# Conroe with CT and Fin



## dbullard1 (Jun 29, 2016)

Did a little drifting with CT and Archersfin 
Saturday on Conroe. We were testing some rigs and different spots.
I was able to land my PB Flat Head a nice 26 pounder.
We also boated a few eaters to 9 lbs. . It sure was nice fishing without sweating.


----------



## Ducktracker (Aug 1, 2011)

WTG Guys 


Good fishing to all!


----------



## SKs Crappie Fishing (Mar 24, 2008)

Nice catchn.....

Did ya'll put that crappie eater back?


----------



## O&G-HAND (Nov 27, 2017)

silentkilla said:


> Nice catchn.....
> 
> Did ya'll put that crappie eater back?


I would have ate him 1st! Specially his belly meat!!!

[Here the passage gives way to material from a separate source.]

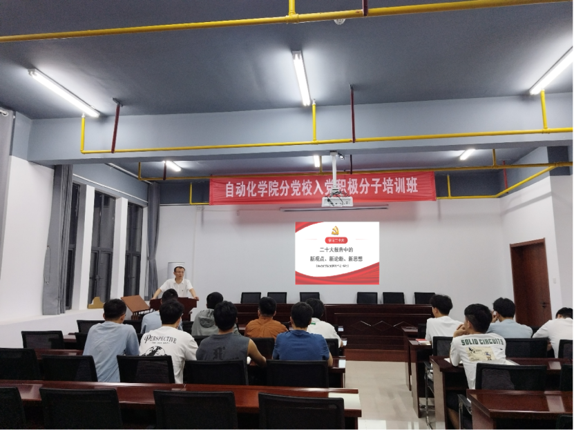 为全面深入学习贯彻党的二十大精神,推动公司掀起学习二十大精神的热潮,引导员工将思想和行动统一到党的二十大精神上来,4月25日,自动化公司党委副书记杨胜在实训楼902向入党积极分子宣讲《二十大报告中的新观点、新论断、新思想》。
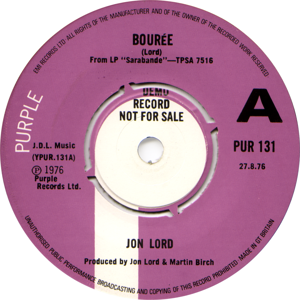PUR 131 – Jon Lord “Bourée” 1976 Demo release date of 27.8.76 Share this: Email a link to a friend (Opens in new window) Email Share on Facebook (Opens in new window) Facebook Share on X (Opens in new window) X Like Loading...

Sent from my iPhone using Tapatalk


----------



## SwampRat (Jul 30, 2004)

Great job....


----------



## RAYSOR (Apr 26, 2007)

Great pics, congrats on the flathead.


----------



## Gofish2day (May 9, 2006)

Great job on the flathead! Conroe provides good clean cats.


----------



## Little Mac (Apr 29, 2015)

Awesome 


Sent from my iPhone using Tapatalk


----------



## 2catsfishin (Jun 27, 2010)

WoW!! very nice..


----------



## Mattsfishin (Aug 23, 2009)

good report. I would have ate that op. Usually release all big cats but that op would have been ate.


----------



## McSpoon (May 18, 2016)

Sweet


Sent from my iPhone using Tapatalk


----------



## firedog4$ (Aug 24, 2004)

Nice catch guys. You three are solid catfishermen. Best wishes to you all.


----------



## shadslinger (Aug 21, 2005)

Mighty fine catch!


Sent from my iPhone using Tapatalk


----------



## fishinganimal (Mar 30, 2006)

Wtg db


----------



## Northern fisherman (Sep 16, 2014)

Nice going DB!


Sent from my iPhone using Tapatalk


----------



## shadslinger (Aug 21, 2005)

I heard y'all were at again today?


----------



## Dirt Daddy (Sep 11, 2004)

That's a fine mess O cats Men. good job !!


----------



## coup de grace (Aug 7, 2010)

Yes sir.


----------